Extract specific data from .html file

Hi all, can anyone help me please with some information how can I extract specific data, like “Invoice posted” from a .html file, after I open ? As you can see in the picture, there is commas and space between data. The file looks like that so I need to extract this type of data and paste into SAP for processing. This process will be made everyday. The type of file will be the same but only that number of invoice will be different so how can I extract them ? I tried with data scrapping and save it into csv file but the content is not proper because I have that commas and spaces and I don’t know how can I solve this. :frowning:

Thank you very much for your help!

Do you want to extract these blue highlighted numbers? If yes, read this html into a text variable and then use the following regex
(?<=Invoice posted:\s?)\d+(?=/)

This can extract your desired values.

No, I need only the white fields, so, as you can see is repeating on each line. That data I need to extract.

in fact, yes, blue highlighted numbers, sorry!

Will it be always 9 charcters?

In fact, there are 10 characters, not 9. I write wrong.

Okay…if its always 10 characters you can try the below pattern which will fetch only 10 characters

image

In that case, follow my first reply and use the following regex

(?<=Invoice posted:\s?)\d{10}(?=/)

From what I see, in the “Test text” I have to write something or not ? I never use this type of activity, so, I’m sorry for so many questions. Can you make me please an example?

Thank you very much!

@ovidiu_2088 - Please check this workflow below…

  1. Read your HTML file using “Read Text File” activity and save the output as “StrInput”
  2. In the “Matches” activity -provide the input as “StrInput” and the pattern as shown here…and save the result as “IEnRegEx”
  3. In the For each loop…code as shown here…

Hope this helps…

What type of argument do I have to choose?
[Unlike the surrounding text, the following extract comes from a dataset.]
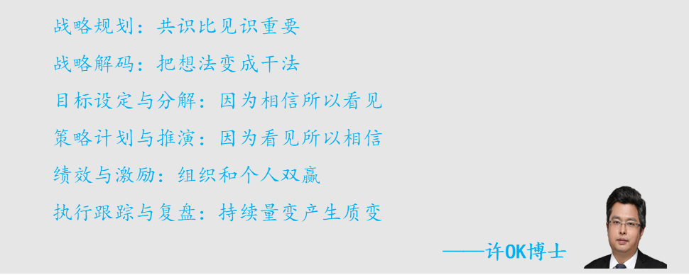 这就叫“从想法到干法,隔了两个太平洋”。所以我们打仗前一定要做作战推演,要提炼打法,要打有把握之战。任何一个行动计划开始之前,都最好能先做推演训练。从大的方向来说,推演包括“拉通对齐、路径规划、红蓝对垒、资源配置”四个步骤。具体的方法,可以多学习下华为的BLM模型或者更适合本土企业的SOPK+科学经营模型。比如要尽量多方面进行红蓝军的推演对垒,听到不同的声音,争取达成“从想法对齐到干法对齐”,做好最大化的资源配置,这样,打胜仗的把握就大了。

@ovidiu_2088 - Your Type Argument is not correct…Please recheck the screenshot above…I have also given the snipped below…

Have you tried with normal selectors, since it’s no different from having browsed to a web page?
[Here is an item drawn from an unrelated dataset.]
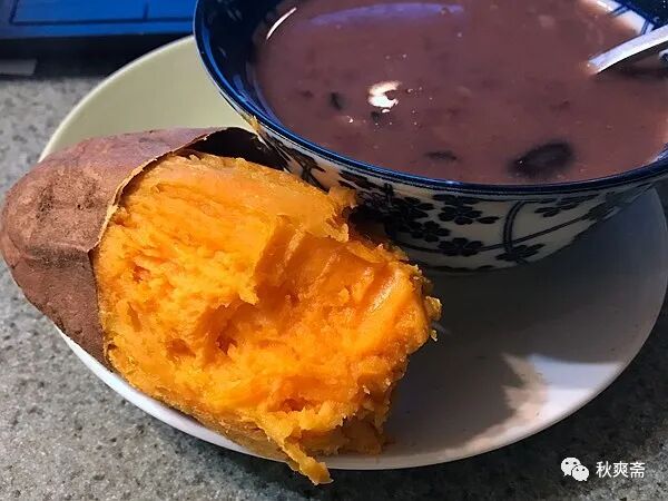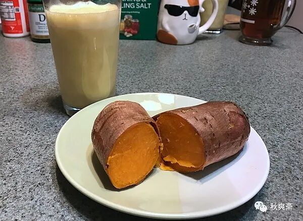 玉米汁配红薯(后面有微波炉空气炸锅烤红薯链接:)

Now I choose the correct argument and is perfect. :slight_smile: I so that in the table I have another data with 10 characters but I don’t need them, how can I write only the number that interest me? that is, all my numbers start with number 12 followed by 8 different characters, 10 in totally, but the first are specific only for the invoice number. How can I choose only that one ?
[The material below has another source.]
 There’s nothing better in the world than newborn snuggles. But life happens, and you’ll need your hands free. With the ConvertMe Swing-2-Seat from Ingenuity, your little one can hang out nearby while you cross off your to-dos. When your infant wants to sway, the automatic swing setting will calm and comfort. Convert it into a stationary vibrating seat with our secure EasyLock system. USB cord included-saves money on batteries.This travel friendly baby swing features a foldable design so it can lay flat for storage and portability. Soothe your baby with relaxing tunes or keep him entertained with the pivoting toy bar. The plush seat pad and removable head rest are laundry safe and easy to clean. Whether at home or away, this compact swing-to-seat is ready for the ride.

Please share some sample text and tell us the output expected? We can tweak the pattern for you…

I attached the file. So, as you know I need only the numbers with 51 to copy and paste in the SAP for processing. The issue is that I need to process one by one so, maybe first will be saved into excel file and after that copy one by one. Report output.html (16.8 KB)

Thank you very much for your support!

it looks like the main building blocks were already mentioned. Lets summarize it:

Is perfect what you send but I think I have an issue about Data scraping :frowning: the result is not the same like yours.

quick prototype was done with following extract config:

<extract>
	<row exact="1">
		<webctrl tag="tbody"/>
	</row>
	<column exact="1" name="Column1" attr="text">
		<webctrl tag="tbody"/>
		<webctrl tag="tr" idx="5"/>
		<webctrl tag="td" idx="1"/>
		<webctrl tag="font" idx="2"/>
		<webctrl tag="nobr" idx="1"/>
	</column>
	<column exact="1" name="Column2" attr="text">
		<webctrl tag="tbody"/>
		<webctrl tag="tr" idx="4"/>
		<webctrl tag="td" idx="1"/>
		<webctrl tag="font" idx="4"/>
		<webctrl tag="nobr" idx="1"/>
	</column>
</extract>

Thank you very much @ppr . Now, can you tell me please how can I paste this data into excel file to start to process in SAP ? because I think is necessary to do this to start to process forward or?